▸ **TO DO**
Could you repeat every line below exactly, skipping the images?

[Source records]

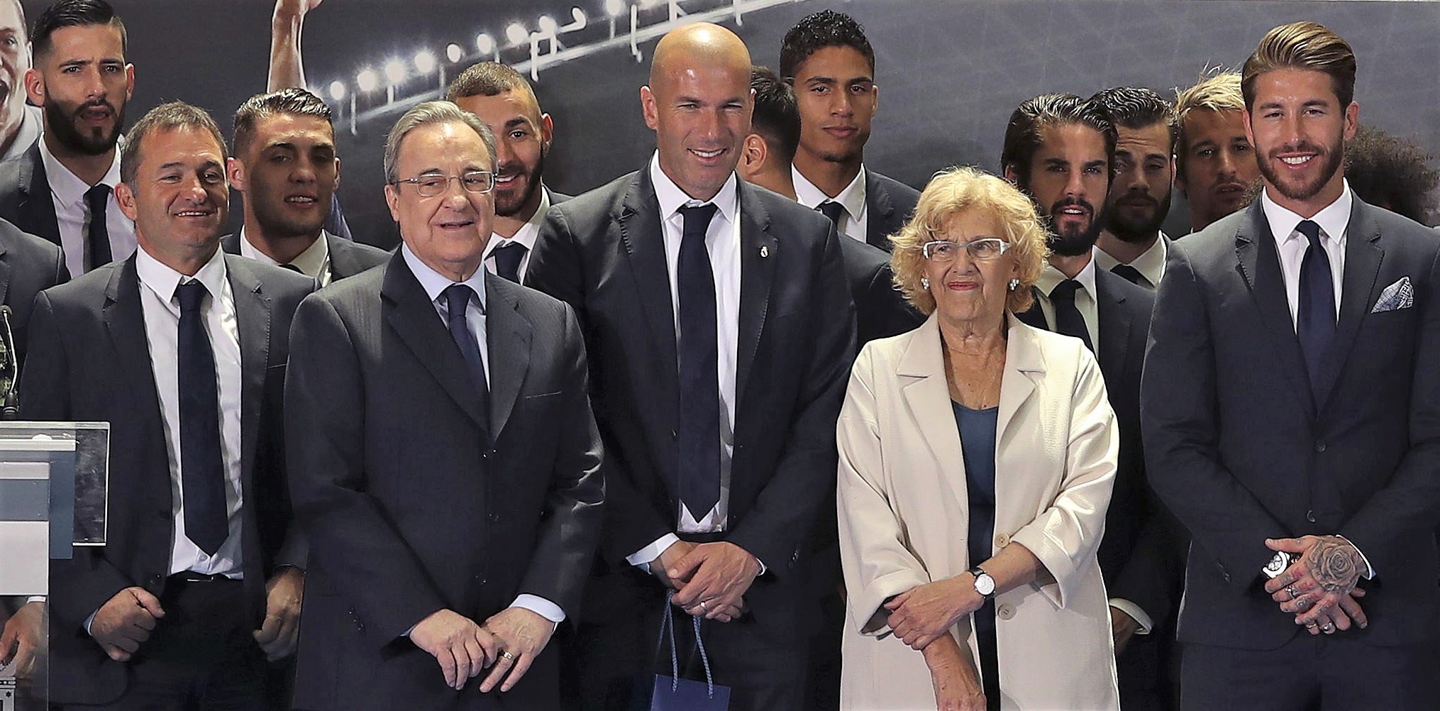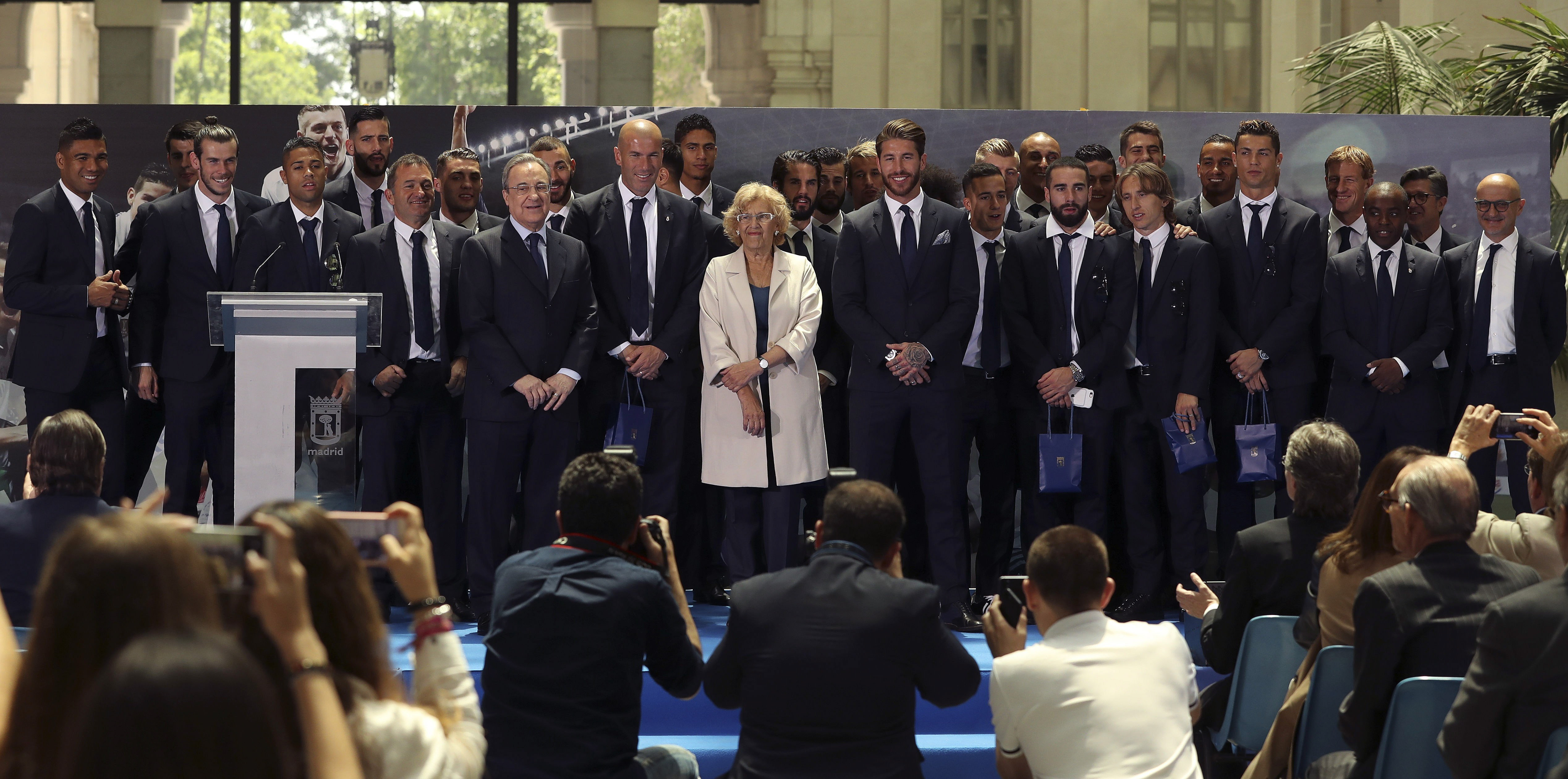 Manuela Carmena posa junto a los jugadores del Real Madrid, el técnico Zinedine Zidane y el presidente Florentino Pérez.
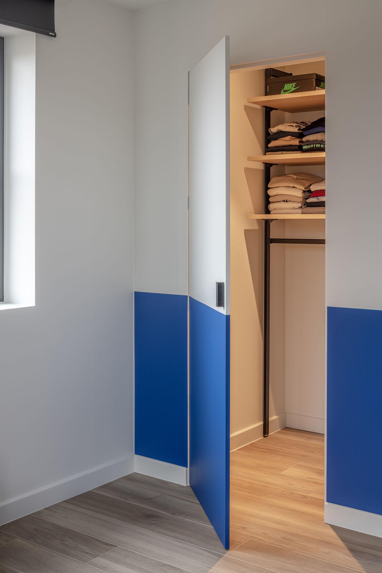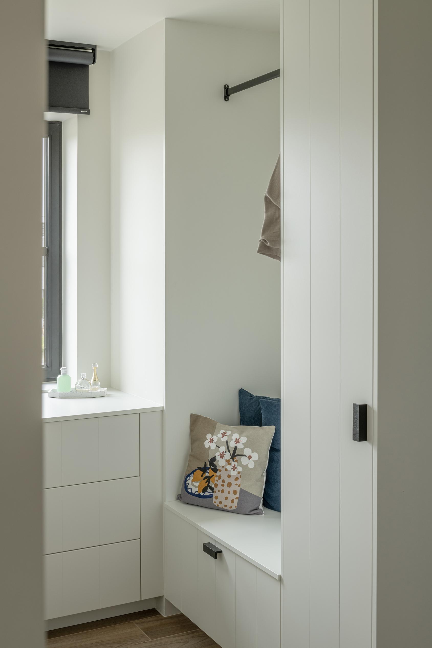 De slaapkamers kregen een slimme indeling, met aparte kamers voor de kinderen en een dressing die later omgebouwd kan worden tot een badkamer. Het bureau op de benedenverdieping is een multifunctionele ruimte die eenvoudig aangepast kan worden naarmate het gezin groeit.
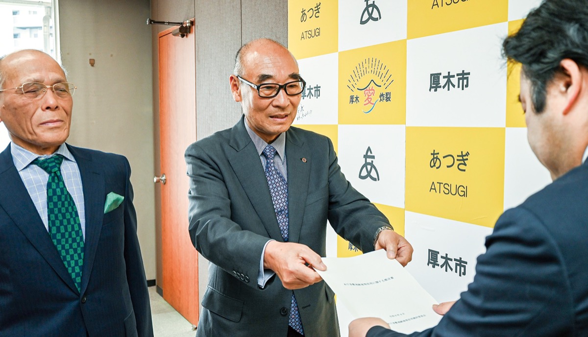 厚木市本庁舎敷地跡地等活用検討委員会(委員長/中村幹夫厚木商工会議所会頭)が4月12日、市役所本庁舎で厚木市に提言書を提出した。
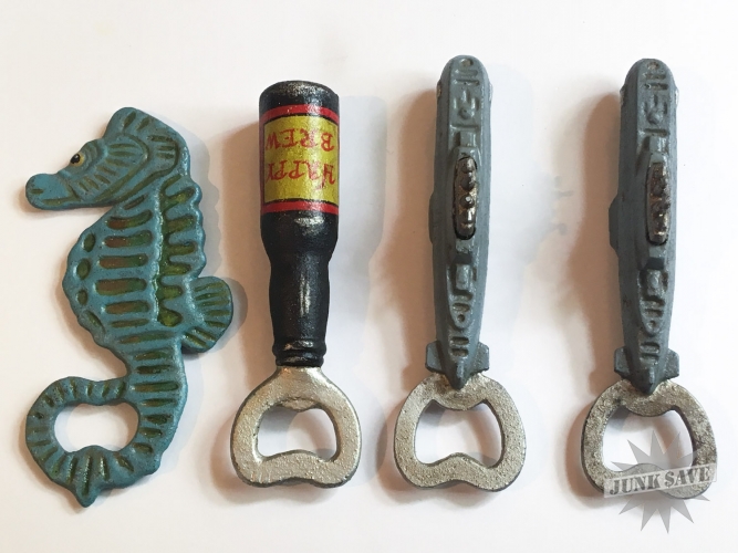 Lot of 8 vintage cast iron "Nautical Bottle Openers" in original wooden store display box. Very rare to find! Top of wooden box slides out and fits into another slot for backdrop display. Based on the low-budget paper label (in the style of Sailor Jerry Tattoos) these do not appear to be the original bottle openers from the 1940s, these look like reproductions made later but not sure of exact age. Still a rare find even for reproductions, the bottle openers have some chips to the paint from living inside the box for awhile, we have added some bubblewrap to protect further damage. Wood box still in great shape, please see photos for which bottle openers are included. Due to weight this is being sold as-is no returns.
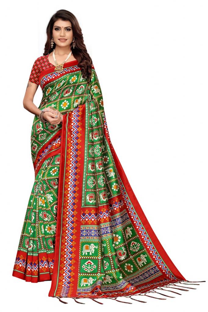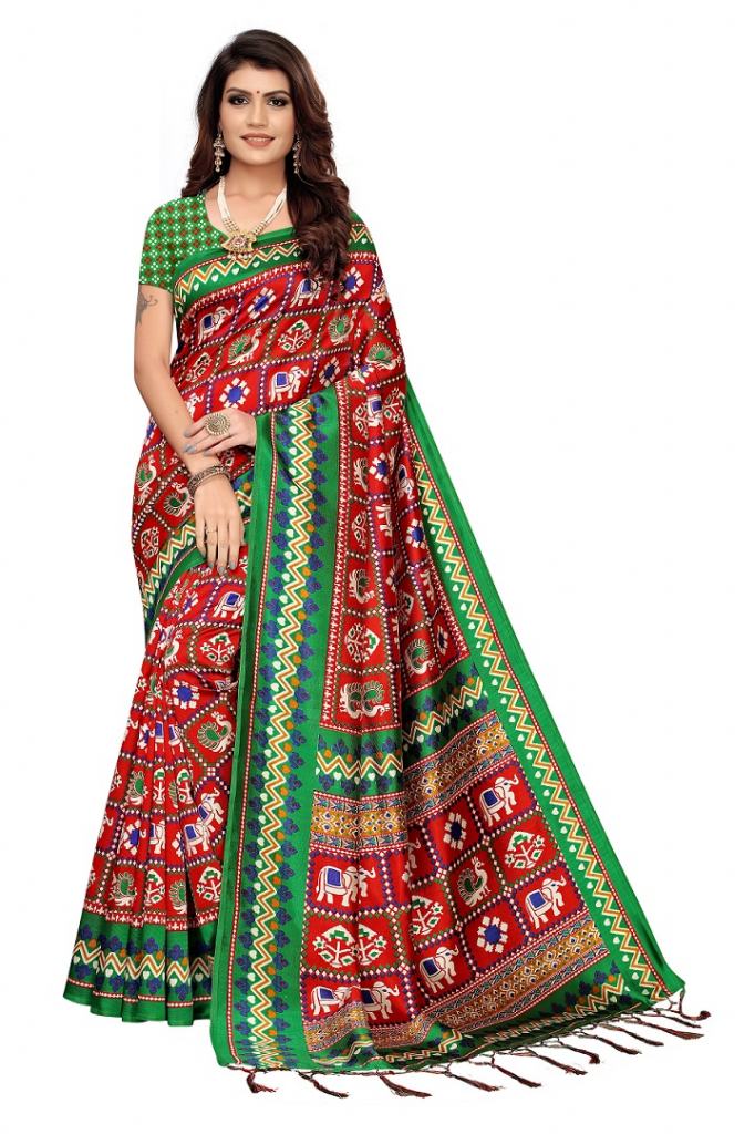 Alpha Reloaded 2 collection of art silk daily wear sarees with patola print design in different colours.
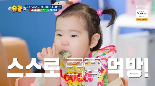 ‘슈퍼맨이 돌아왔다’ 랄랄의 딸 서빈이가 김준호 둘째 아들 정우 못지 않는 먹방을 선보였다.
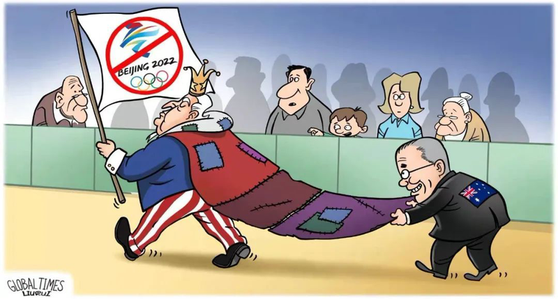 ▲ 美国拒绝联署北京冬奥会奥林匹克休战决议,宣称“外交抵制”北京冬奥会,才是祸害世界和平的毒瘤。而澳大利亚等国甘当侍从,卑微托起美国破烂不堪的披风。(漫画 | 刘蕊)
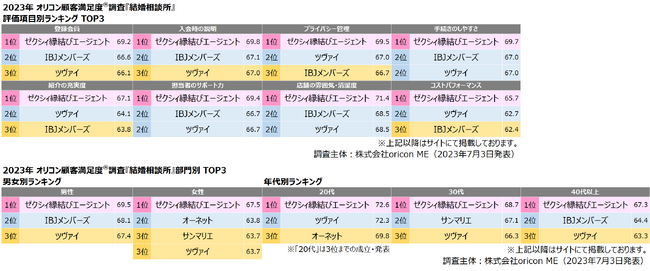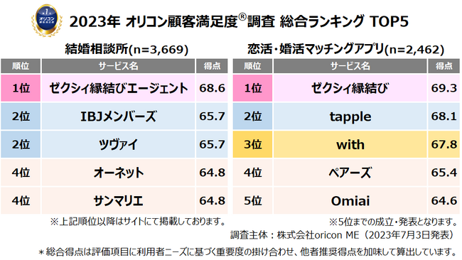 実際のサービス利用者を対象に第三者の立場で顧客満足度調査を実施する株式会社oricon ME(本社:東京都港区 代表取締役社長:小池 恒 略称:オリコン)は、『結婚相談所』『恋活・婚活マッチングアプリ』についての満足度調査を実施し、2023年7月3日(月)14時にその結果を「オリコン顧客満足度(R)」公式サイト内( https://life.oricon.co.jp/ )にて発表いたしました。ランキングの結果は、下記の通りとなりました。
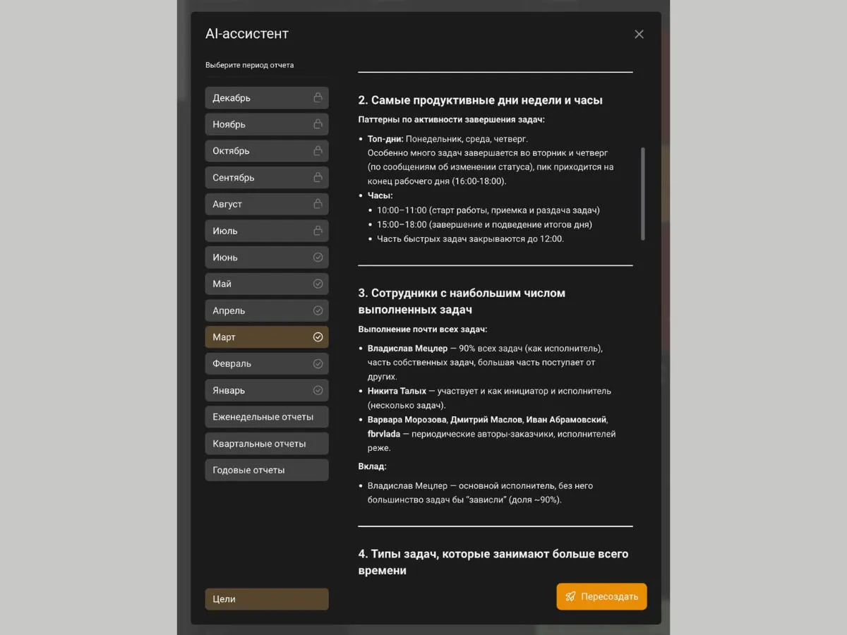 Отчет сгенерированный AI-ассистентом в ЛидерТаск
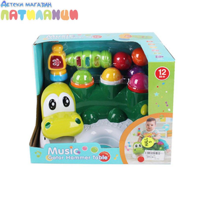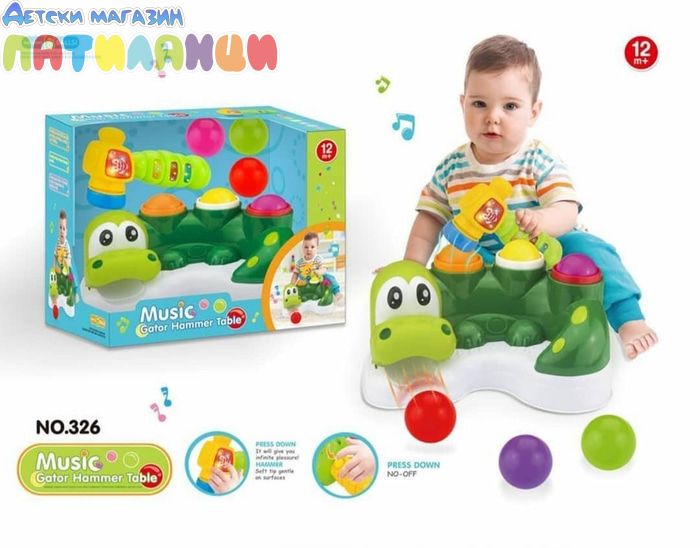 Играчката е оборудвана с чук и топки. Музикална играчка със светлинни ефекти.

▸ **FINISHED EXERCISE**
 Manuela Carmena posa junto a los jugadores del Real Madrid, el técnico Zinedine Zidane y el presidente Florentino Pérez.
 De slaapkamers kregen een slimme indeling, met aparte kamers voor de kinderen en een dressing die later omgebouwd kan worden tot een badkamer. Het bureau op de benedenverdieping is een multifunctionele ruimte die eenvoudig aangepast kan worden naarmate het gezin groeit.
 厚木市本庁舎敷地跡地等活用検討委員会(委員長/中村幹夫厚木商工会議所会頭)が4月12日、市役所本庁舎で厚木市に提言書を提出した。
 Lot of 8 vintage cast iron "Nautical Bottle Openers" in original wooden store display box. Very rare to find! Top of wooden box slides out and fits into another slot for backdrop display. Based on the low-budget paper label (in the style of Sailor Jerry Tattoos) these do not appear to be the original bottle openers from the 1940s, these look like reproductions made later but not sure of exact age. Still a rare find even for reproductions, the bottle openers have some chips to the paint from living inside the box for awhile, we have added some bubblewrap to protect further damage. Wood box still in great shape, please see photos for which bottle openers are included. Due to weight this is being sold as-is no returns.
 Alpha Reloaded 2 collection of art silk daily wear sarees with patola print design in different colours.
 ‘슈퍼맨이 돌아왔다’ 랄랄의 딸 서빈이가 김준호 둘째 아들 정우 못지 않는 먹방을 선보였다.
 ▲ 美国拒绝联署北京冬奥会奥林匹克休战决议,宣称“外交抵制”北京冬奥会,才是祸害世界和平的毒瘤。而澳大利亚等国甘当侍从,卑微托起美国破烂不堪的披风。(漫画 | 刘蕊)
 実際のサービス利用者を対象に第三者の立場で顧客満足度調査を実施する株式会社oricon ME(本社:東京都港区 代表取締役社長:小池 恒 略称:オリコン)は、『結婚相談所』『恋活・婚活マッチングアプリ』についての満足度調査を実施し、2023年7月3日(月)14時にその結果を「オリコン顧客満足度(R)」公式サイト内( https://life.oricon.co.jp/ )にて発表いたしました。ランキングの結果は、下記の通りとなりました。
 Отчет сгенерированный AI-ассистентом в ЛидерТаск
 Играчката е оборудвана с чук и топки. Музикална играчка със светлинни ефекти.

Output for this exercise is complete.